However, despite the problems, the results show that there is potential in the BLR model and that the parameters in many cases seems to be trained in the right direction. For instance, in the first two parameters it is possible to distinguish results that align with the theory, with a negative value for the first and a positive value for the second parameter respectively. Since healthy people are more likely to have a higher frequency of fixations, as well as shorter fixations, these parameter values appear to have been trained in the correct direction. Also, the average accuracy is well above the baseline, which indicates that gaze data could provide valuable insight to dementia diagnostics.

In order to answer the first problem statement when using this model, it is unfortunately not possible to exceed an accuracy over baseline with a significance level of 0.05. However, with a larger and more reliable data set, it is possible that this could be achieved. If improved data could be obtained, the model could be tested again and a more informed answer to this question could be given.

B. Method

Furthermore, the method used in order to classify eye features is considered to be appropriate. To use a BLR model in the field of diagnostics is a valid approach when trying to discover new patterns. However, in order to let the algorithm find new patterns or correlations, many more features have to be used. There are several additions that can be made on the method in order for the classification to improve. A Speech-to-Text algorithm can be used to complement the eye tracking data to capture some linguistic features that eye tracking cannot. The converted audio recordings can then be parsed into features and used in the BLR algorithm. Furthermore, with a higher eye tracking device frequency, more subtle oculomotor events can be detected. Subtle deviations in the oculomotor system such as microsaccades and intrusions are shown to differ with MCI, and would be interesting to use as features.

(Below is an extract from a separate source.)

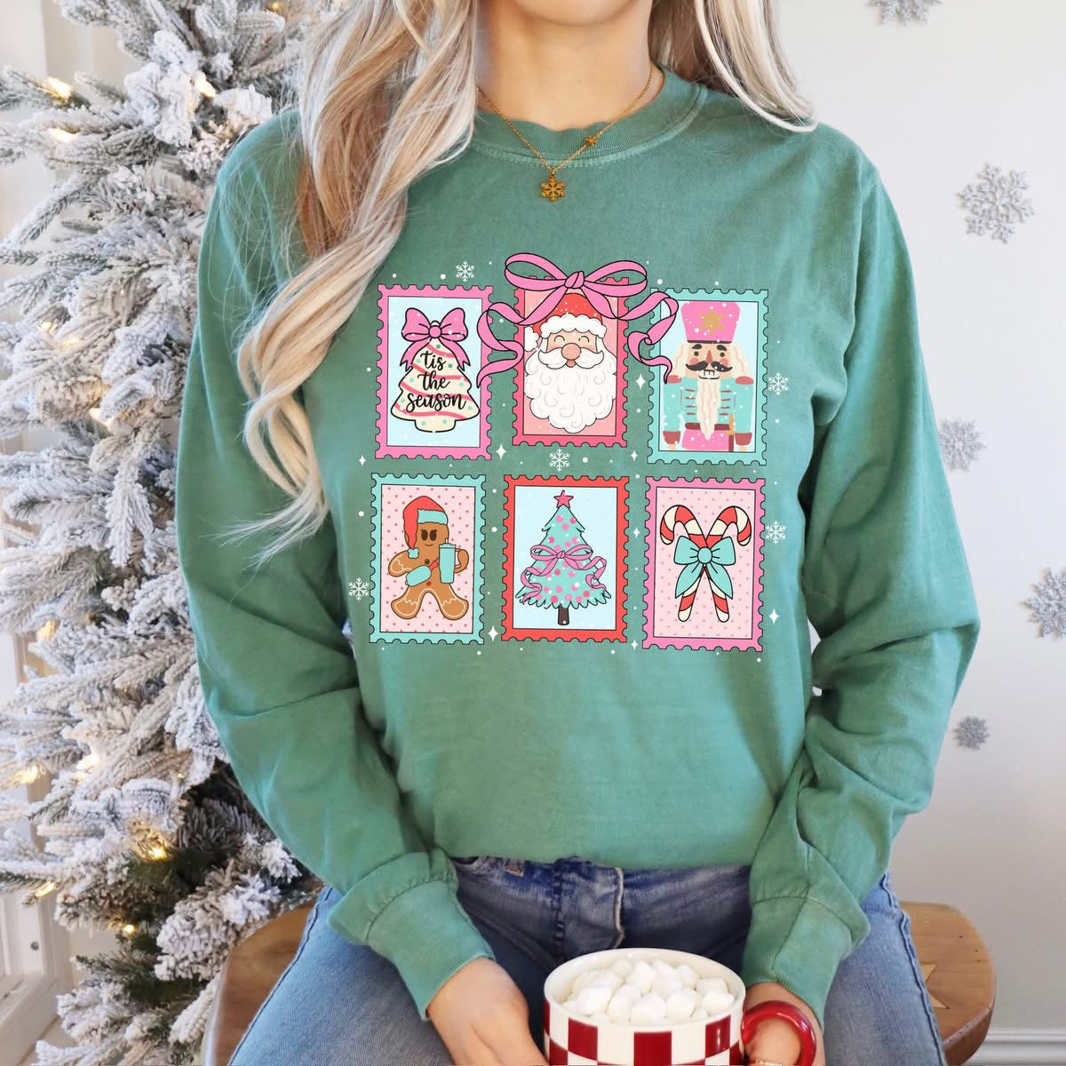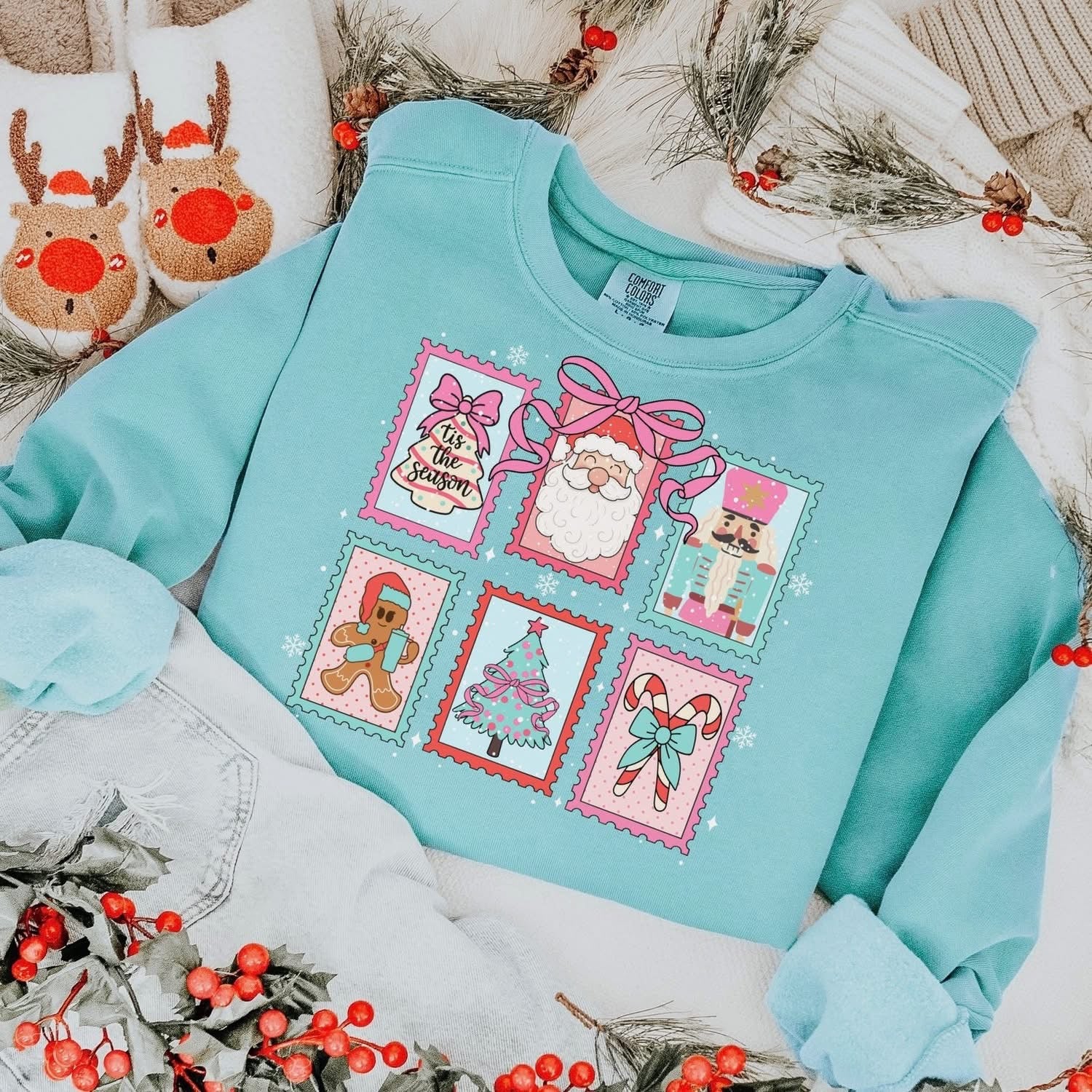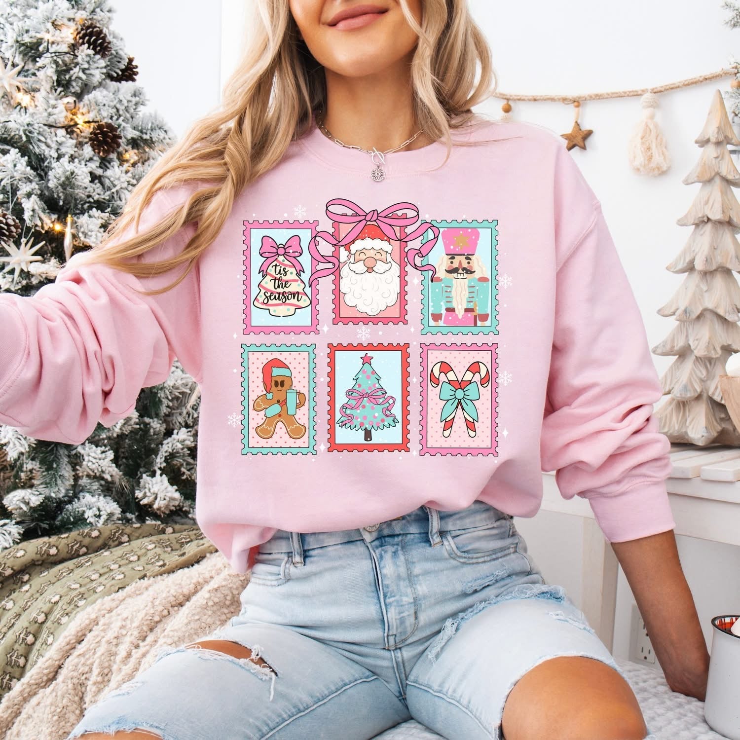 Christmas Stamps - Pink & Blue Glitter

C. Implementing eye tracking in health care from a multi level perspective

When interpreting the result from the qualitative methods, the study have provided many ideas on how to practically implement eye tracking to detect MCI at an earlier stage. With regards to the multi level perspective, the health care regime in Sweden is characterized by rigidity because of the many medical regulations and patient laws in the Swedish healthcare. These factors can inhibit change in the system and make it more difficult to implement a solution like this. However, health care is facing major changes in the digital field. More and more processes in health care adopts machine learning and artificial intelligence approaches, and more people turn to digital medical appointments instead of physical. In order for an invention to be accepted by the regime it is important that all actors in the regime can accept it.

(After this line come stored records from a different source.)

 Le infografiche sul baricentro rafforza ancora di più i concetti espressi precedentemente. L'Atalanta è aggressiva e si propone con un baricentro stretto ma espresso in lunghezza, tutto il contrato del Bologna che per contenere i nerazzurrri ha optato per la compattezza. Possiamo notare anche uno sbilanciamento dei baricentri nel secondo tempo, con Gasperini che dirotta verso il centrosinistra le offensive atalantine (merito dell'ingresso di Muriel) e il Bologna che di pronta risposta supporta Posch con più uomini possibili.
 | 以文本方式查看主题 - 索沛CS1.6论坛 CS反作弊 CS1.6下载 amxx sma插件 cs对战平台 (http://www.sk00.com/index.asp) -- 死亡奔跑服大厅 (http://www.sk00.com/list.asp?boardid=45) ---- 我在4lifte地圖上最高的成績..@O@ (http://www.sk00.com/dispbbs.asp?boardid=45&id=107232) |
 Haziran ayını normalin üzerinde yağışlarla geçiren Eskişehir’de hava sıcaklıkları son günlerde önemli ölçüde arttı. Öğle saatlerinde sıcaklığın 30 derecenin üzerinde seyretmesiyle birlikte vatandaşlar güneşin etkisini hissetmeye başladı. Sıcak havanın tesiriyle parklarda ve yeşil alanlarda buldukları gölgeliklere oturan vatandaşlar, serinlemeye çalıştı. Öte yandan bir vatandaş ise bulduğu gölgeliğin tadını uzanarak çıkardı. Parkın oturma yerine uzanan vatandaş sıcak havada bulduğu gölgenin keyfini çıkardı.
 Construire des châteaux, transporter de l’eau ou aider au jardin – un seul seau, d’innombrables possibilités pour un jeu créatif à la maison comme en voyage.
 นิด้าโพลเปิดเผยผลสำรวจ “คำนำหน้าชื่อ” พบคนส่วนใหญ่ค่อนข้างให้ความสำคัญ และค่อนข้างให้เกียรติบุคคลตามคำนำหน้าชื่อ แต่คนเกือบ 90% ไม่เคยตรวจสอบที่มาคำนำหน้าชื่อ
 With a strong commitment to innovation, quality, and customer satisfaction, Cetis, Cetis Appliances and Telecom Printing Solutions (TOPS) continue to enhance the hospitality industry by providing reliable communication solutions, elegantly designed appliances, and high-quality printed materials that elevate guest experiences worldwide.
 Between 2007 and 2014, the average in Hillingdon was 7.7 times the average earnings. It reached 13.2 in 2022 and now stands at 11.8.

The result of the interview shows that many patients and health care employees are sceptic towards digitalizing medical assessment because of earlier failures, but this sceptism could be minimized by letting the digitalized processess be complementary and not substitute physcial care. Due to the results of the information search it can be concluded that the regime has accepted several technological niches to be able to automate processes in healthcare, but that the safety is a critical factor.

However, the result of the automated healthcare processes search shows that there are today many established methods that has been accepted by the regime. Some of those enables frequent medical examinations that patients can perform themselves at home. However, the result also shows that most innovations that enable automation of diagnosis, are processes that often do not occur in connection with patient contact, and therefore do not require as much resistance from patients to break through. It can therefore be concluded that it is practically possible to introduce regular visits at health clinics for people in certain demographic or genetic groups who are at greater risk of developing cognitive impairment. During these visits, the cognitive tests could be automated

(9)

with eye tracking without the presence of a doctor. This efficient resource management would not only enable more frequent visitations, but also enable people to get tested before developing any noticeable symptoms of cognitive impairment. With an ongoing collection of patient data, and a relative assessment overtime, one could detect deviations in the normal oculomotor system function, allowing for diagnosis of MCI at an earlier stage.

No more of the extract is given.